Here is the additional output in 4 shots:

/data1/home/miniconda3/envs/tfew/lib/python3.7/site-packages/pytorch_lightning/trainer/data_loading.py:429: UserWarning: The number of training samples (1) is smaller than the logging interval Trainer(log_every_n_steps=4). Set a lower value for log_every_n_steps if you want to see logs for the training epoch.
  f"The number of training samples ({self.num_training_batches}) is smaller than the logging interval"
Epoch 29:  88%|███████████████████████████████████████████████████████████████         | 7/8 [00:02<00:00,  2.79it/s, loss=2.14, v_num=0]
{"AUC": 0.4852150537634409, "PR": 0.30854919126142144, "micro_f1": 0.5436893203883495, "macro_f1": 0.5013904624575136, "accuracy": 0.5436893203883495, "num": 103, "num_steps": -1, "score_gt": 0.48910640975804004, "score_cand": 0.5233835757357402}

Stored new best metric ['AUC'] with values [0.4852150537634409] at step 29.
Epoch 29: 100%|████████████████████████████████████████████████████████████████████████| 8/8 [00:03<00:00,  2.66it/s, loss=2.14, v_num=0]
stefanhgm commented 7 months ago

Hi @EdgedSquirrels ,

sorry for the late reply. It took me some more time to look into this.
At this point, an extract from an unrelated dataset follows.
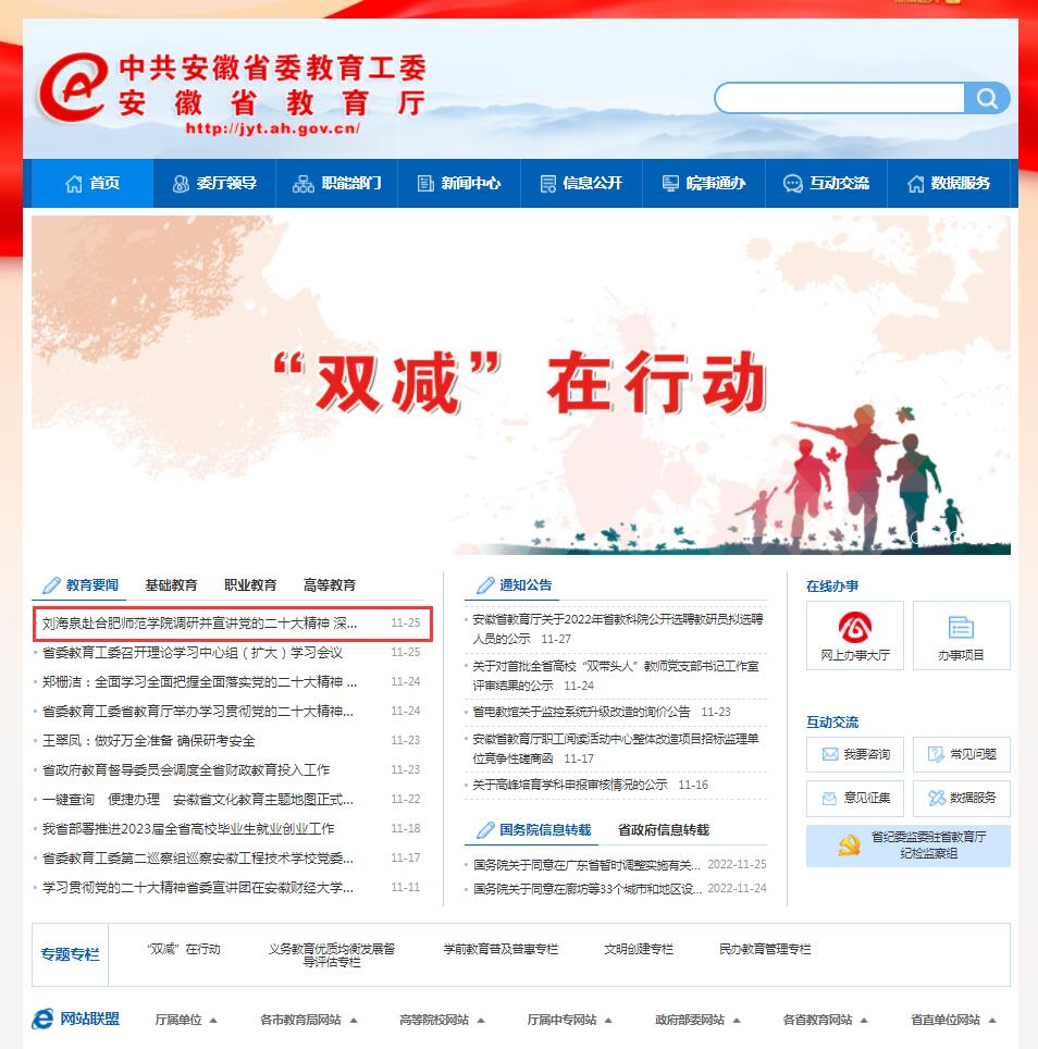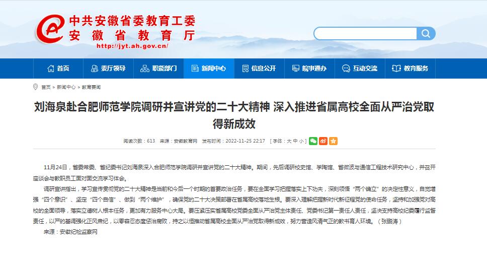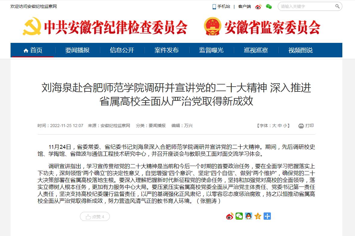11月25日,安徽纪检监察网和安徽教育网首页教育要闻栏目均以《刘海泉赴beat365在线唯一官网调研并宣讲党的二十大精神 深入推进省属高校全面从严治党取得新成效》为标题,对此进行了报道。
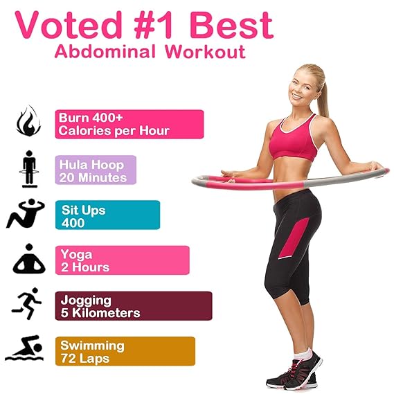Twb Smart Fat Burning Weighted Hula Hoop For Adults Ab Sculpting Exercise Adjustable Design With 8 Detachable Sections Bonus Tape Measure Free

Basically, there is another option you have to set in the code of the running script which I did not specify properly. In few-shot-pretrained-100k.sh you have to remove the comments for Zero-Shot and comment out the Few-Shot portion. Sorry for not making this clear in the readme like this:

      # Zero-shot
      eval_before_training=True
      num_steps=0
      # Few-shot
      # eval_before_training=False
      # num_steps=$(( 30 * ($num_shot / $train_batch_size)))
      # eval_epoch_interval=30

Please let me know if this works for you!

EdgedSquirrels commented 7 months ago

Hi @stefanhgm ,

It works for me. Thanks for your help!